Waarin ligt dat verschil? Dragen zij misschien meer bij aan de staatskas dan de werknemers? Neen, het verschil ligt in de berekeningsmethode.

  • Het pensioen van een werknemer bedraagt 60 procent van zijn gemiddelde loon tijdens een 45-jarige loopbaan. Voor een statutaire ambtenaar is dat echter 75 procent bij een loopbaan van 45 jaar.
  • Dit referentiewedde wordt bovendien bepaald bij ambtenaren op de laatste tien jaar, en niet op de hele loopbaan, zoals bij werknemers. Gezien het loon het hoogste ligt op het einde van een professionele carrière is dit een wereld van verschil. Bij een werknemer wordt het gemiddelde naar beneden getrokken door het loon in de beginjaren, terwijl dit bij de ambtenaren niet het geval is. Rechtvaardig? Wij menen van niet.
  • Bovendien ziet een werknemer die veel verdient voor alles dat hij of zij verdient boven de 52.0000 euro bruto niets terug. Werknemers botsen voor de pensioenberekening op het zogenaamde loonplafond (ruim 52.000 euro bruto per jaar). Alles wat hierboven valt wordt niet meegeteld voor de berekening van het pensioen. Voor ambtenaren bestaat die grens niet. 
  • Binnen het ambtenarenkorps bestaan 57 ‘verloven voor pensionering’.

Welkom in de wereld van de zogenaamde tantièmes.

Het verlof voor pensionering – dat zijn mogelijkheden om niet meer te werken – geldt voor een hele resem ambtenaren en zijn elk uniek. Wel hebben zij gemeen dat deze “verloven voor pensionering” toch allemaal meetellen voor de berekening van het uiteindelijke pensioen.

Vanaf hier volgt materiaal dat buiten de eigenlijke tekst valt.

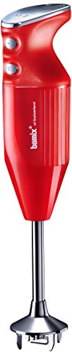 Bamix est un produit fabriqué en Suisse depuis 1954. C'est à Mettlen, au coeur de la Suisse, que Bamix inventa le premier mixeur plongeant. C'est aujourd'hui le seul mixeur plongeant intégralement fabriqué en Europe. L'excellente qualité de finition fait du Bamix un partenaire extrêmement fiable pendant de longues années, c'est la raison pour laquelle de nombreux chefs travaillent avec. Toutes les pièces en contact avec les aliments sont de qualité supérieure, compatibles aux denrées alimentaires, inoxydables et ne prennent ni goût, ni odeur. Mixeur plongeant - Bamix M140 : Mono rouge Fourni avec 4 disques (étoile, hachoir, fouet, mélangeur) et un gobelet 600 ml Bamix a inventé le concept du mixeur plongeant. Aujourd'hui encore, nul autre mixeur ne permet de réaliser tout ce que le Bamix peut faire : potages, blancs en neige, mayonnaise, smoothies, milk shakes, glaces, sorbets, guacamole, purées, compotes, tartares... Le tout, en silence, et sans effort. Puissance : 140W. Dimensions : 9.5 x 14.5 x 36 cm. Diamètre : Ø 6 cm. Moteur et pièce garantis à vie (hors accessoires). La main d'oeuvre est garantie 2 ans à compter de la date d'achat. Eco-participation incluse.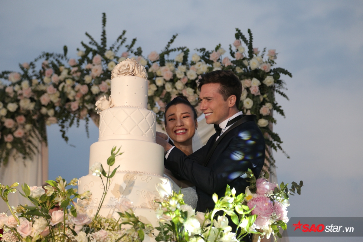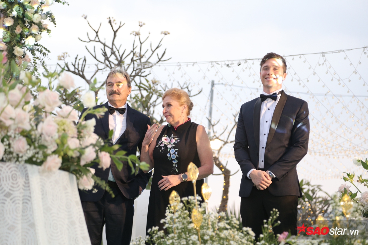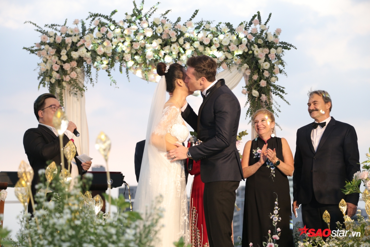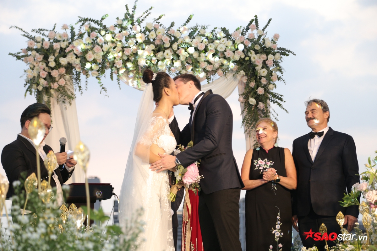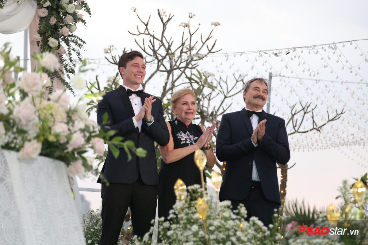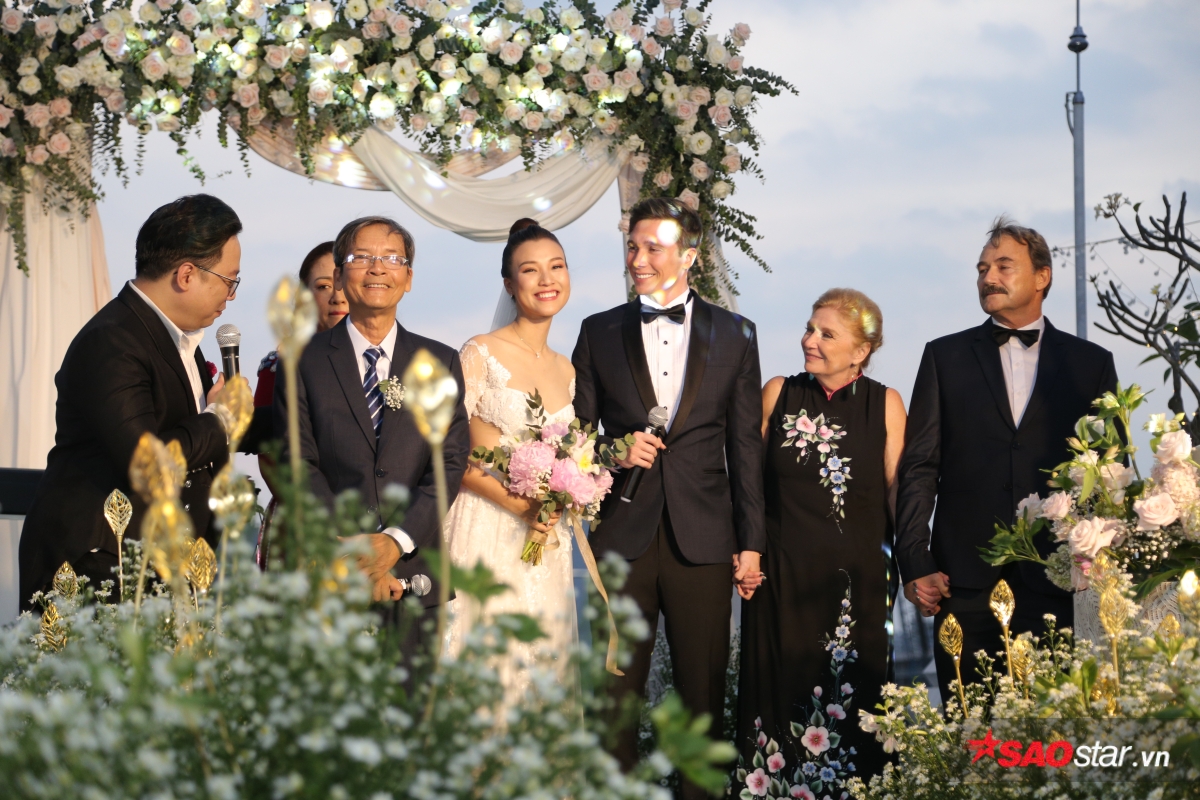 Giây phút trao lời ước hẹn trăm năm, MC Tùng Leo giữ vai trò người chủ hôn bằng song ngữ. Chú rể Jack xúc động hứa sẽ yêu thương và chăm sóc Hoàng Oanh suốt đời. Chưa dừng lại ở đó, anh tiếp tục bập bẹ tiếng Việt câu nói không thể ngọt ngào hơn: “Anh thương em nhiều lắm“.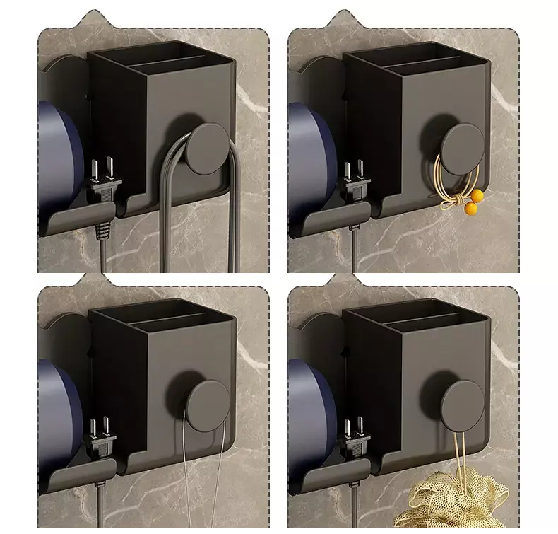 Стильный настенный держатель для фена с органайзером отлично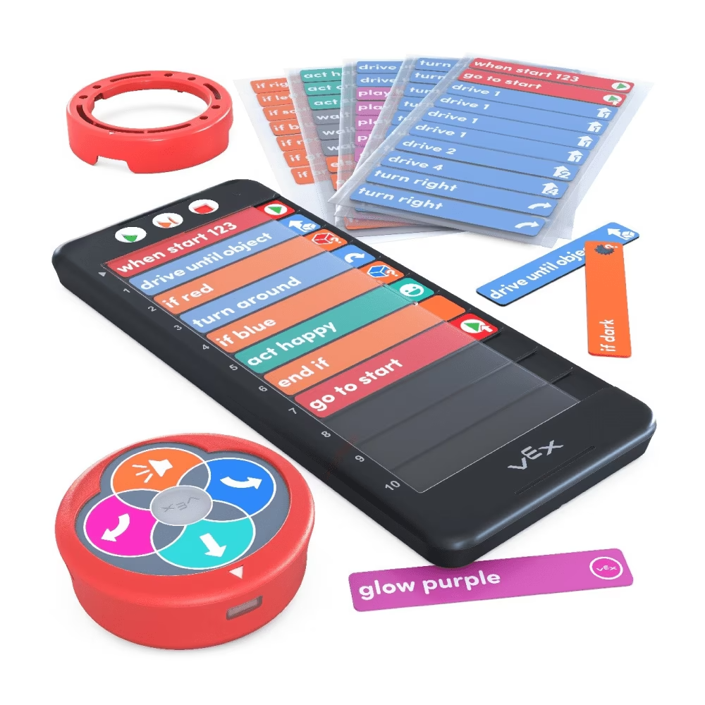 VEX 123 Coder Cards sử dụng ngôn ngữ lập trình trực quan để dạy trẻ em về các khái niệm lập trình đơn giản như di chuyển, vòng lặp và điều kiện.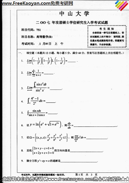 专业课考研经验 本站小编 FreeKaoyan 2018-01-23中山大学2007年考研真题-高等数学(A)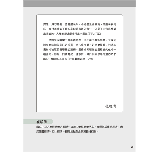 學習歷程檔案千萬不要造假、也千萬不要急就章,大家可以在高中階段就好好採買、好好磨手藝、好好學擺盤,把這本書當成秘笈反覆思量並演練。這份檔案製作的過程會內化成一種能力,有朝一日會變成一種態度。當日後回想起走過的許多階段,相信將不再有「往事霸圖如夢」之憾。
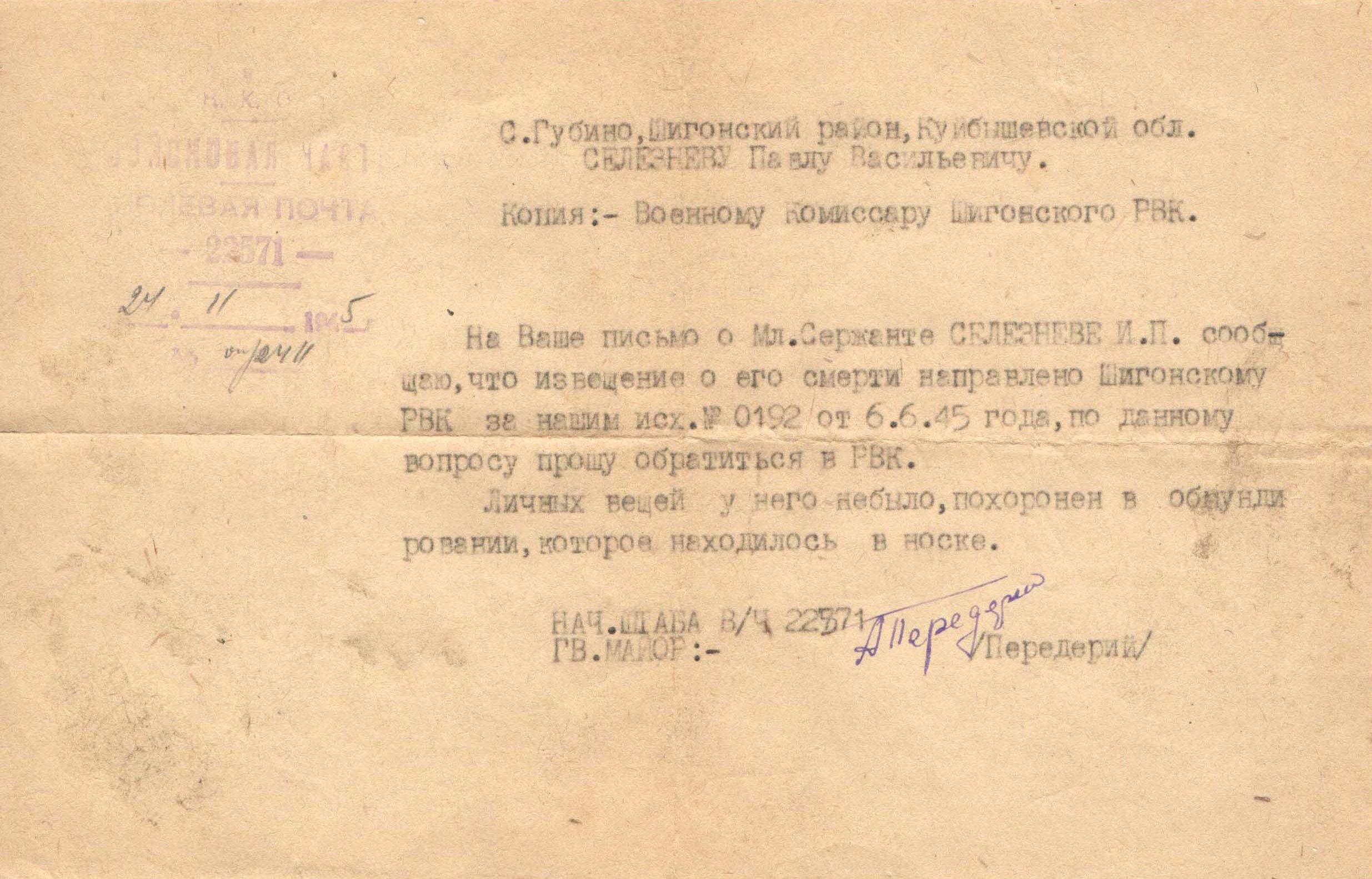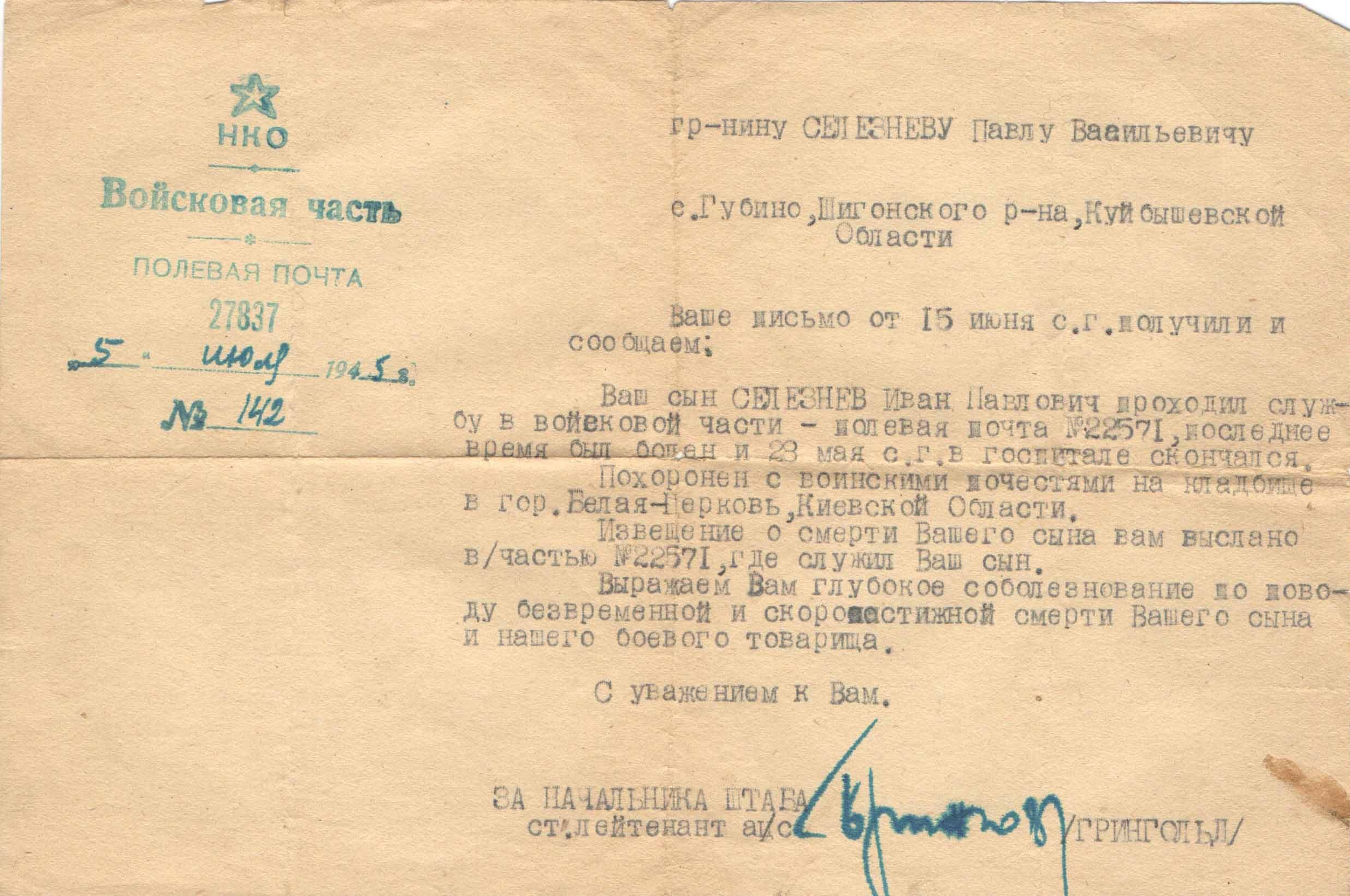 Иван Павлович Селезнев родился в селе Губино. В семье было три брата – Сергей, Василий и Иван. Вместе с братом Василием ушли на фронт.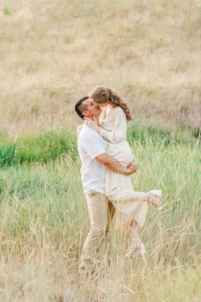 No matter where we shoot, golden hour elevates it. A simple field feels romantic. An urban spot feels cinematic. A mountain view feels unreal. The light enhances the environment without overpowering you.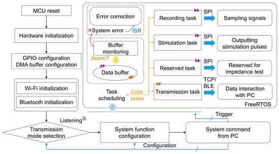 Once the Wi-Fi or Bluetooth setup is complete, the device listens for external connection requests. The host computer selects the desired transmission mode, sends a connection request, and the device responds by suspending the unused mode and releasing its resources. Given the system’s real-time and complex operation, a lightweight real-time operating system (FreeRTOS) is used. The workflow is divided into four core tasks: recording, stimulation, reserved, and transmission tasks, each handling specific system functions. A wireless event group and multiple message queues are created to enable inter-task communication and data exchange. The operating system handles resource scheduling and logic management to ensure an efficient workflow.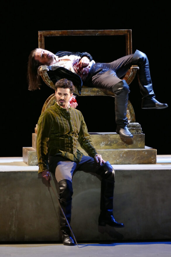 Associant une remarquable élocution et un physique avantageux, le Macduff de Jérémy Duffau, jadis Malcolm au Théâtre des Champs-Élysees en 2015, incarne un opposant très intériorisé, en particulier dans son air de l’acte IV, malgré quelques hésitations à peine perceptibles dans le haut du registre, agrémenté d’un allegro héroïque à souhait, grâce aussi au soutien du chœur et à la réplique que lui donne le Malcolm de Néstor Galván.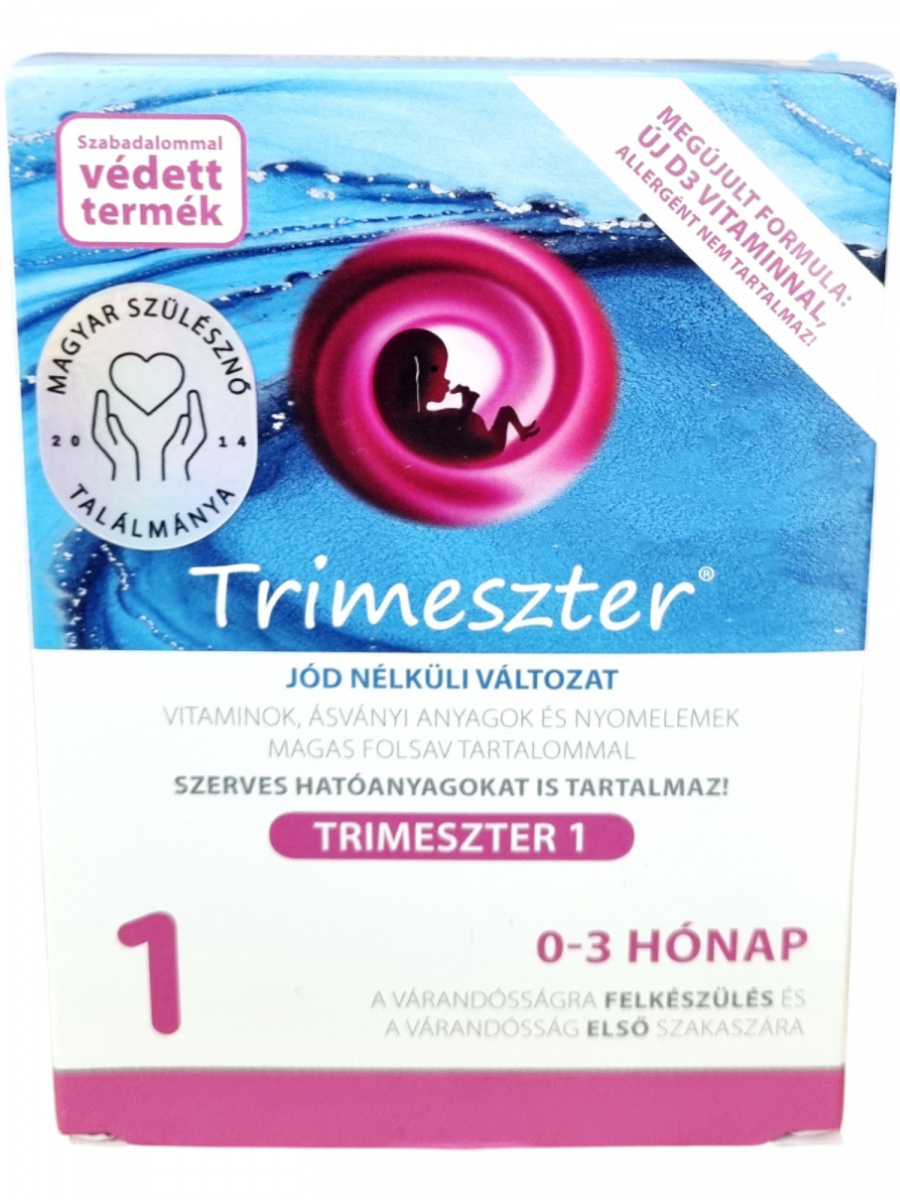 A Trimeszter 1 kifejezetten a fogantatás előtti felkészülés és a várandósság első három hónapjának időszakára fejlesztett formula. Magas folsavtartalmával segíthet a velőcső-záródási rendellenességek kockázatának csökkentésében. A készítmény jód nélküli változatban készült, így azok számára is biztonságos, akiknél jódbevitel nem ajánlott. Szerves kötésű ásványi anyagokat tartalmaz, valamint vasat, kalciumot, magnéziumot és cinket, amelyek támogathatják a magzat fejlődését és az anya szervezetének megfelelő működését. A szabadalommal védett formula allergénmentes és színezékmentes. A csomagolás 60 db tablettát tartalmaz, amely kényelmes és biztonságos adagolást tesz lehetővé a várandósság első trimeszterében.

Het gevolg: ongeveer de helft van de ambtenarij kan al na 41 jaar, vaak zelfs na 36 jaar, in plaats van 45 jaar genieten van dat pensioen van 75 procent.

De magistraten, professoren en provinciegouverneurs zijn het meeste bevoordeeld. Zij hebben na een loopbaan van 36 jaar al recht op een volledig pensioen. Bovendien bedraagt dit pensioen gemiddeld 4700 euro bruto. Dit is totaal absurd. Daar waar dit te rechtvaardigen valt in geval van zware beroepen, is dit hier geenszins aan de orde.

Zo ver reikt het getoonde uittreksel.